◆ **EXERCISE**:
Would you print the listing that follows exactly, but without its pictures?

◆ **INPUT DATA**:
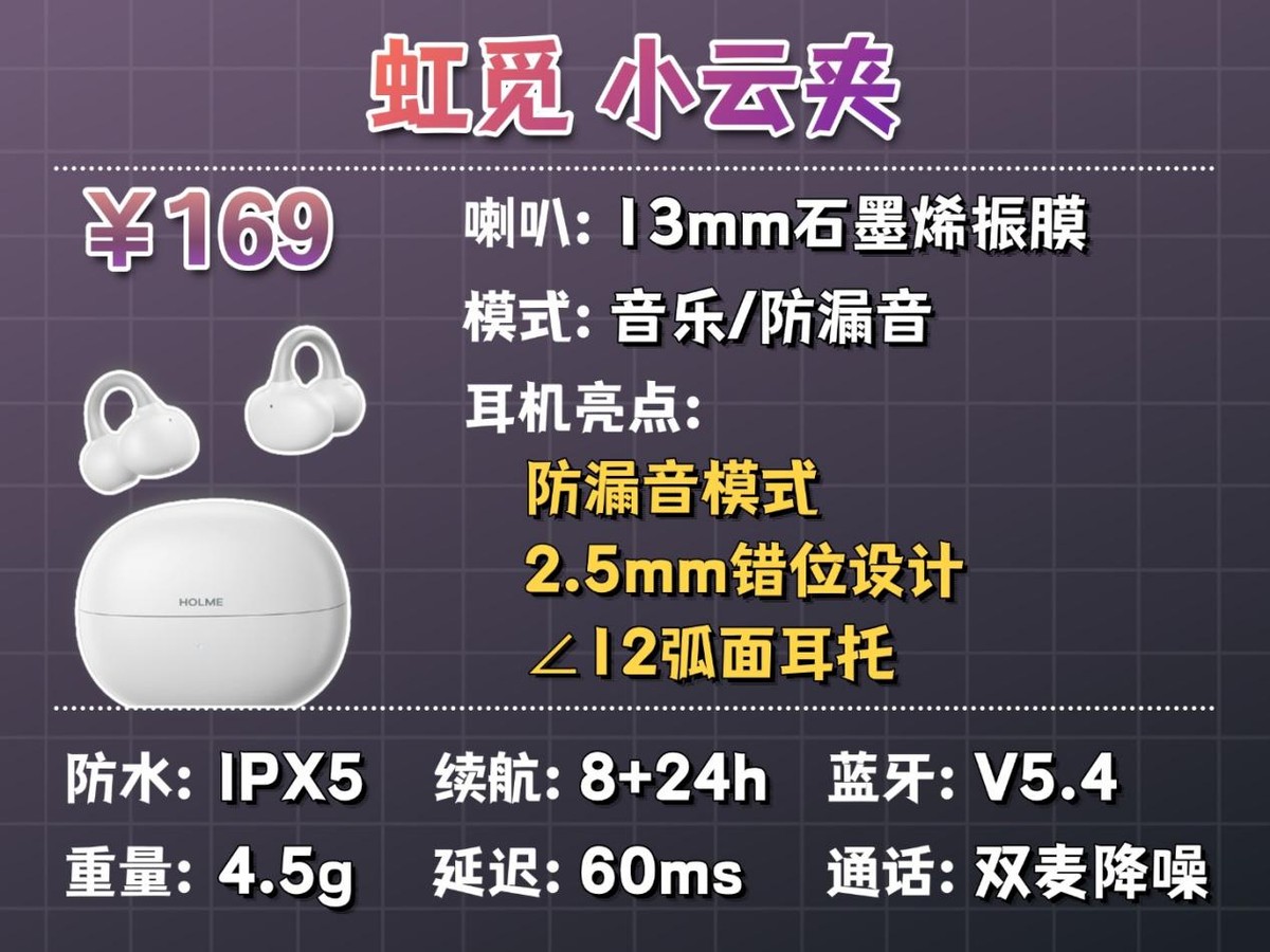 这副耳夹戴着很舒服,4.5克超轻机身配合2.5mm错位设计,完美避开耳朵敏感区,长时间使用也不会胀痛。音质上13mm石墨烯振膜让声音细节很丰富,低音扎实不闷,人声清晰自然,全景空间音效让听歌更有沉浸感。配置很实用,防漏音模式在图书馆用特别贴心,24小时续航足够日常使用,IPX5防水无惧汗水,双设备切换也很方便。在这个价位能把佩戴舒适度和防漏音都做好,性价比确实很高。
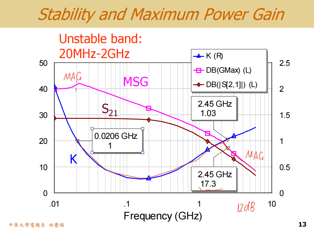 - 然而,在低频段(约20MHz至2GHz) ,K值小于1,电路潜在不稳定,可能发生低频振荡。这是许多射频放大器设计的通病,必须予以解决。
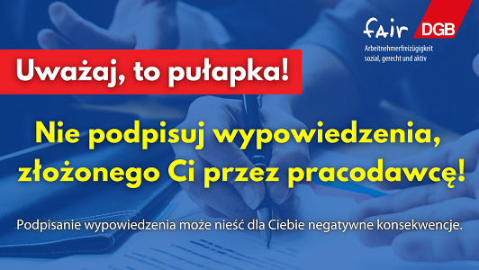 To może być umowa rozwiązująca stosunek pracy za porozumieniem stron (Aufhebungsvertrag) lub oświadczenie, z którego wynika, że zrzekasz się swoich roszczeń!

◆ **TASK OUTPUT**:
 这副耳夹戴着很舒服,4.5克超轻机身配合2.5mm错位设计,完美避开耳朵敏感区,长时间使用也不会胀痛。音质上13mm石墨烯振膜让声音细节很丰富,低音扎实不闷,人声清晰自然,全景空间音效让听歌更有沉浸感。配置很实用,防漏音模式在图书馆用特别贴心,24小时续航足够日常使用,IPX5防水无惧汗水,双设备切换也很方便。在这个价位能把佩戴舒适度和防漏音都做好,性价比确实很高。
 - 然而,在低频段(约20MHz至2GHz) ,K值小于1,电路潜在不稳定,可能发生低频振荡。这是许多射频放大器设计的通病,必须予以解决。
 To może być umowa rozwiązująca stosunek pracy za porozumieniem stron (Aufhebungsvertrag) lub oświadczenie, z którego wynika, że zrzekasz się swoich roszczeń!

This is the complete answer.